New Decoder Foundation Models from IBM

IBM announced the general availability of the first models in the watsonx Granite model series which are decoder based Foundation Models trained with enterprise-focused datasets curated by IBM.

IBM’s Granite model series is a collection of generative AI models to advance the infusion of generative AI into business applications and workflows. IBM’s Granite models apply generative AI to the modalities of language and code. IBM also confirmed that the standard contractual intellectual property protections for IBM products will apply to IBM-developed watsonx AI models.

IBM provides an IP indemnity (contractual protection) for its foundation models, enabling its clients to be more confident AI creators by using their data, which is the source of competitive advantage in generative AI. Clients can develop AI applications using their own data along with the client protections, accuracy and trust afforded by IBM foundation models.
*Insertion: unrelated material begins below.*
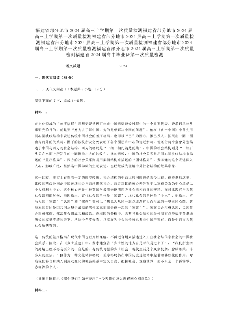 福建省部分地市2024届高三上学期第一次质量检测语文+答案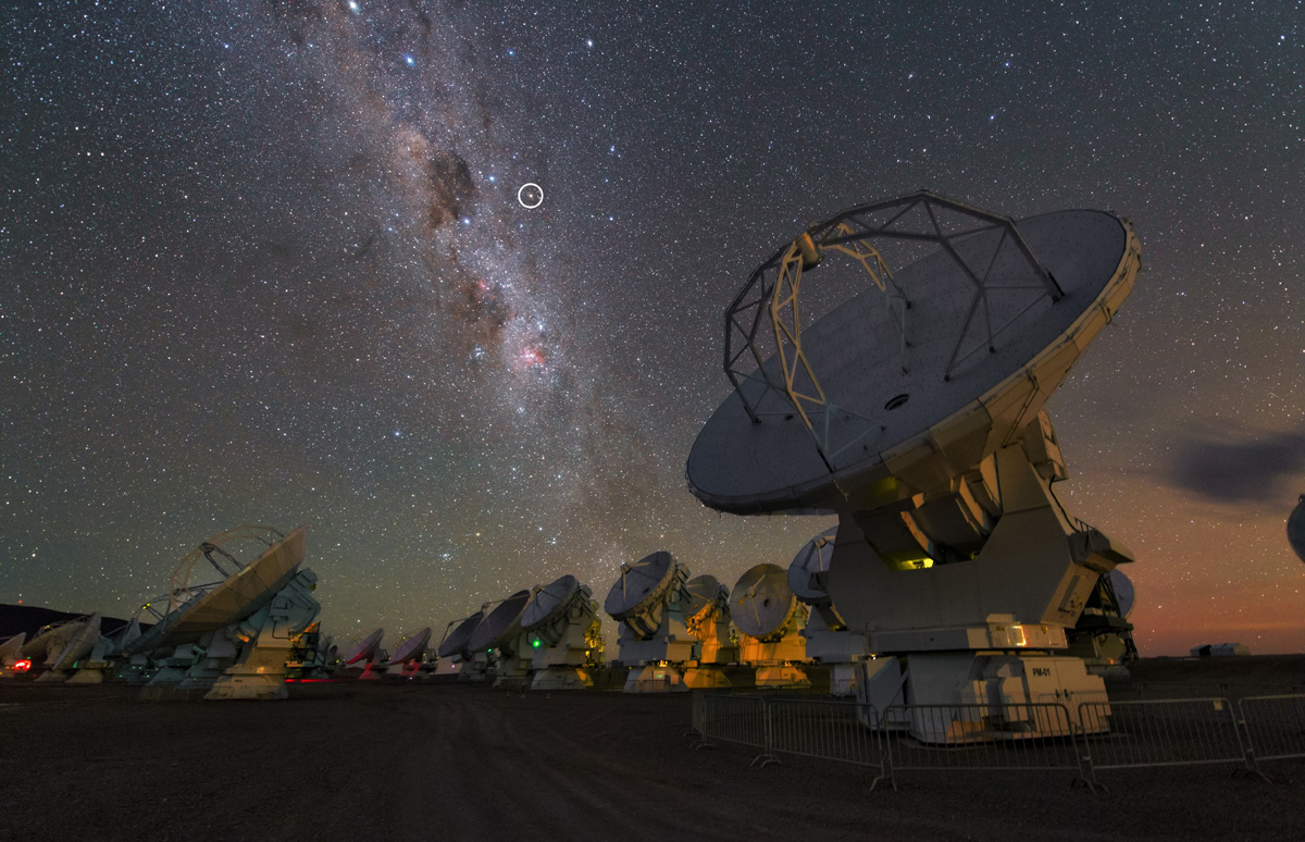 ALMA est constitué de 66 antennes individuelles utilisées conjointement, et qui peuvent être séparées jusqu’à 16 km pour synthétiser la résolution angulaire qu’aurait un télescope de cette taille. Bételgeuse est visible sur l’image comme une étoile orangée près du centre de l’image (cercle blanc).

There are several resources that describe the models:

Paper: Granite Foundation Models
Landing page: Foundation models in watsonx.ai
Documentation: Supported foundation models available with watsonx.ai
Announcement: IBM Announces Availability of watsonx Granite Model Series, Client Protections for IBM watsonx Models

Model Card

Granite implements a standard decoder only transformer architecture for retrieval augmented generation, summarization, content generation, named entity recognition, insight extraction, and classification.

There are three versions available: granite.13b, granite.13b.instruct and granite.13b.chat. As described in the paper, granite.13b.instruct, has undergone supervised fine-tuning to enable better instruction following so that the model can be used to complete enterprise tasks via prompt engineering. granite.13b.chat, has undergone a novel contrastive fine-tuning after supervised fine-tuning to further improve the model’s instruction following, mitigate certain notions of harms, and encourage its outputs to follow certain social norms and have some notion of helpfulness.

The new models have 13 billion parameters. Because of the smaller size, these models have the potential to be more efficient than larger models since they can fit onto a single A100-80 GB GPU which can also help lower the total cost of ownership.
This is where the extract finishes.